| The problem |
From the line with "透明なアクリル塗料で腐食から守るために塗装してから、本体とネジ止めする。" to the line with "女童条纹短袖T恤春装2026新款儿童韩版休闲上衣女孩早春打底衫潮", output every line below exactly, both ends included. Skip the pictures.

| The data |

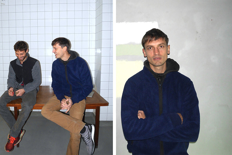 Vi mødte Eddie og Louis i deres nye lokaler på Nørrebro. Eddie er iklædt vores nye 'Traktor' Fleece-trøje, den kan købes HER.
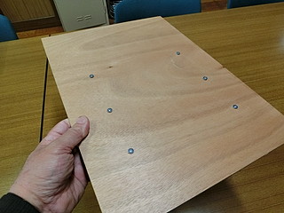 透明なアクリル塗料で腐食から守るために塗装してから、本体とネジ止めする。
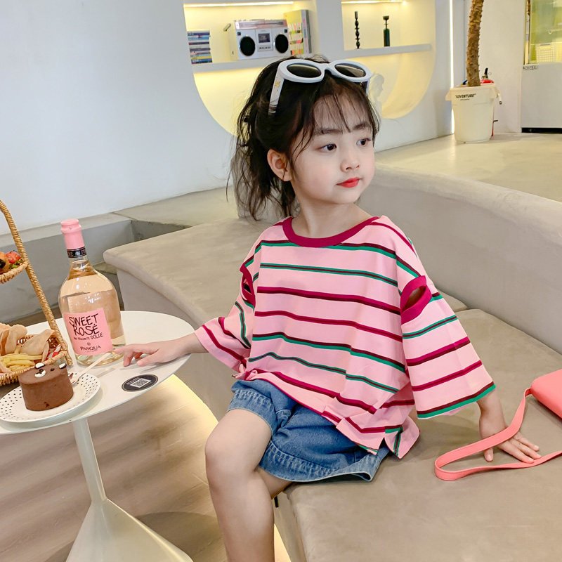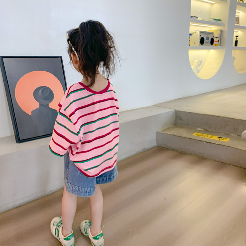 女童条纹短袖T恤春装2026新款儿童韩版休闲上衣女孩早春打底衫潮
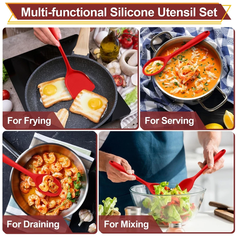 4 Piece Red Kitchen Cooking Utensils Set, which made of premium food silicone, will not have any harmful substance into your food, and can bring you a healthier cooking experience. The 4-Piece cooking utensils will meet your needs, such as cooking/serving/ mixing/ preparing etc., ideal kitchen tools for your everyday cooking. Why choose silicone cooking utensils? Our Advantages - No breaking off, No peculiar smell, No rust Easy clean- Less-stick silicone surface is easy to clean by hands and dishwasher safe -piece Design - Reduce risk of the buildup of food & NOT breaking off Heat Proof - Avoid your hands from being scalded & Easy to serve hot food Smooth Surface - Protect your hands roundly and scratch-free for your cookware 4-Piece Silicone Kitchen Utensil Kit A Full Set Of Red ☑ Solid Turner ☑ Slotted Turner ☑ Solid Spoon ☑ Slotted Spoon Warm Tips: 1.Please wash with soft dishcloth in soapy water before first use. 2.Please do not rub them with a sharp metal. 3.Please do not directly flame fire on the utensil. 4.Please dry them after washing, in dry place for their long service time. 【4 Pieces In A Set】Kitchen utensil set includes solid turner, slotted turner, solid spoon, slotted spoon, Common kitchenware set could meet your different cooking needs, such as cooking, frying, mixing, serving, draining, 4-pieces set can save your time and money of purchasing them separately, Beautiful red color will decor your kitchen 【Premium Material】Cooking utensils are made of food-silicone, No worries any material or coating leeching into your food, No peculiar smell, Smooth silicone is cookware friendly to protect your non-stick cookware, Proper maintenance could extend their service life for long-term use, A better alternative to metal or wooden utensils 【Heat-resistant】Silicone utensils can withstant high temperature up to 446℉ without melting or deforming, No harmful substance releasing and will not react with your food when cooking, Turners can stir and fry egg meat vegetable, Spoons will be convenient to scoop food from hot soup, Silicone long handles are not easy to conduct heat and can protect your hands from being scalded 【Fine Designs】The handle of the utensil conform to ergonomic, Anti-slip and comfortable to hold in hand, -piece design ensure utensils will not fall apart, Sturdy and lasting for daily use, Flexible turner silicone heads with beveled edge help to flip food easily, Large spoons can scoop more food, The big hole on the handle end for easily hanging on the pothook, Also can put them in your holder, Easy to and save space 【Easy Clean】Nonstick silicone surface make it release food easily without food sticking on it, Easy to clean utensil under running water and wipe with sponge or dishcloth by hands, Rust free and non warping, Also dishwasher safe to save your effor and time of doing dishes, Make cleaning be a breeze

| Solution to this problem |
 透明なアクリル塗料で腐食から守るために塗装してから、本体とネジ止めする。
 女童条纹短袖T恤春装2026新款儿童韩版休闲上衣女孩早春打底衫潮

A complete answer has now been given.